Jean-François Thomas de Thomon ( – ) was a French neoclassical architect who worked in Eastern Europe in 1791–1813. Thomas de Thomon was responsible for the design of Old Saint Petersburg Stock Exchange and Rostral Columns on the spit of Vasilievsky Island in Saint Petersburg and the first building of the Odessa Theatre, destroyed by fire in 1873. Thomas de Thomon, graduate of the French Academy in Rome, "imported" the high classicism practiced by this school in 1780s into Russia and thus contributed to the formation of Russian national variant of neoclassicism practiced during the reign of Alexander I.

==Biography==

Jean-François Thomas was born in a third estate family in Paris and has demonstrated talents in graphic arts since early childhood. His early works, preserved in the archive of Jean-Claude Richard, were influenced by Jean-Honoré Fragonard and Hubert Robert. At the age of 17 Thomas was admitted to the class of Julien-David Le Roy at the Académie royale d'architecture, and trained there along with Karl von Moreaux, Charles Percier and Pierre François Léonard Fontaine. All his attempts to win a state scholarship for a study tour of Italy failed, and in 1785 he left for Rome on his own account, and attended the classes of the French Academy in Rome as a stowaway along with legitimate students. His squatting in Rome continued for years; Thomas risked being expelled from the Academy had it not been for the patronage of François-Guillaume Ménageot.

Thomas returned to France in 1789 and was hired by Charles, Comte d'Artois, however, the employment was cut short by the French Revolution. He left the country again and travelled through Italy, Austria and Poland, "acquiring" the noble style of Thomas de Thomon at some point in early 1790s. Dmitry Shvidkovsky wrote that, quite likely, emigration resulted from Thomas's own political allegiance to monarchy(he was "an ardent royalist and a fervent Catholic" throughout his life) and practical inability "to realize architectural dreams of the last years of the Ancien Régime" in revolutionary France.

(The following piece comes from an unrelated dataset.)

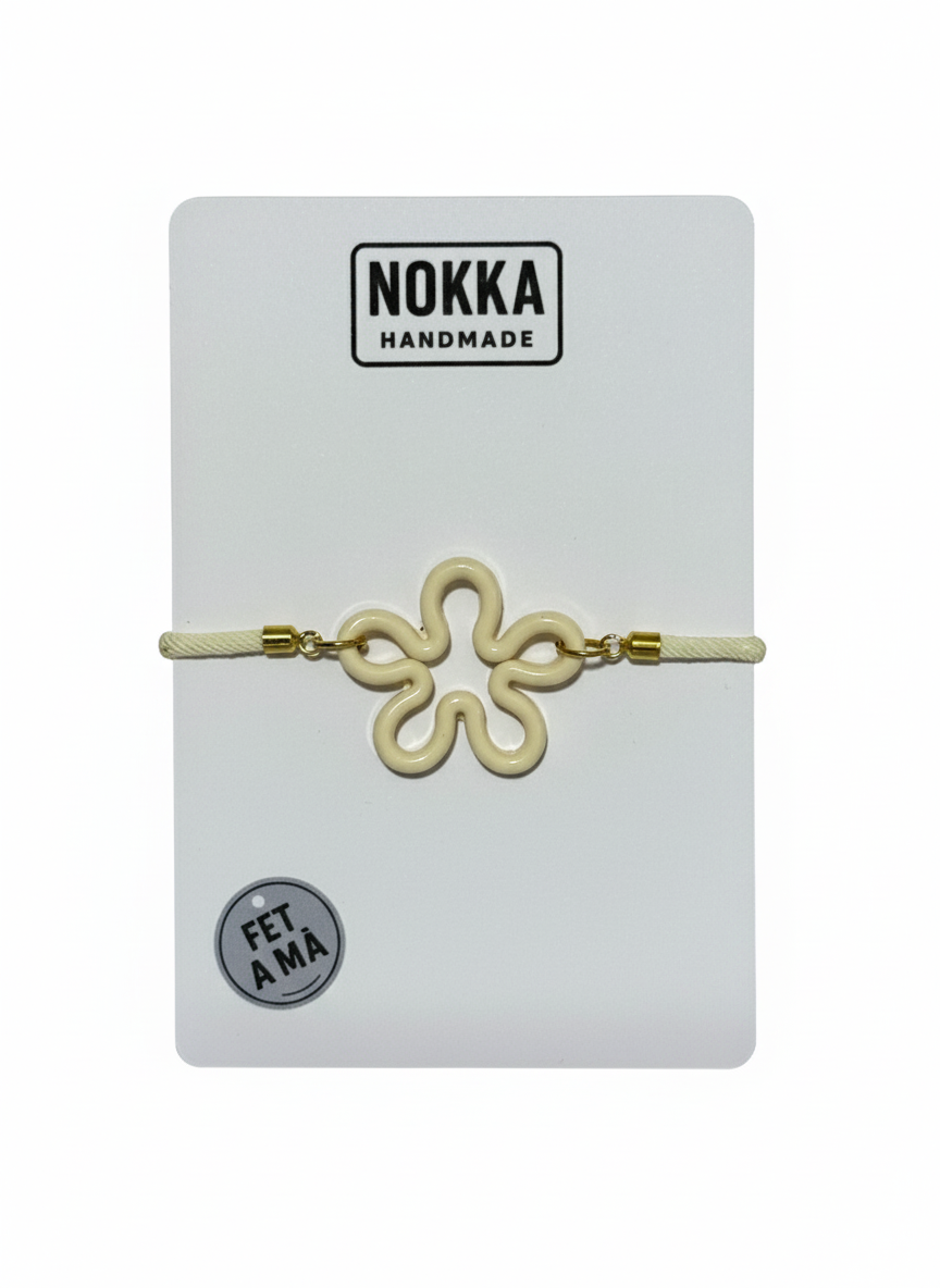 Esta pulsera con flor blanca y cordón combina elegancia y simplicidad en un diseño versátil. La flor, delicada y detallada, aporta un toque natural y sofisticado, mientras que el cordón ajustable asegura un uso cómodo y adaptable a diferentes tamaños de muñeca. Ideal para quienes buscan un accesorio sutil pero con presencia que se adapte tanto a looks casuales como a ocasiones especiales.

His first tangible work of the period, rebuilding the gallery of Łańcut Castle for the Lubomirski family, instantly elevated him into the circle of leading architects of Eastern Europe. In 1794 he was hired by House of Esterházy in Vienna; at least two of his building, a school in Vienna and a bathhouse in Eisenstadt, survived to date in Austria.

Earlier, most likely in 1792, he met with Russian ambassador to Vienna, prince Dmitry Golitsyn; in 1798 Thomas de Thomon accepted invitation from his brother Alexander, then living in Moscow. Russian Empire at that time was closed to all Frenchmen in fear of revolutionary ideas. Thomas de Thomon sneaked into the country through Hamburg and Riga, assuming a persona of a Swiss citizen, native of Bern.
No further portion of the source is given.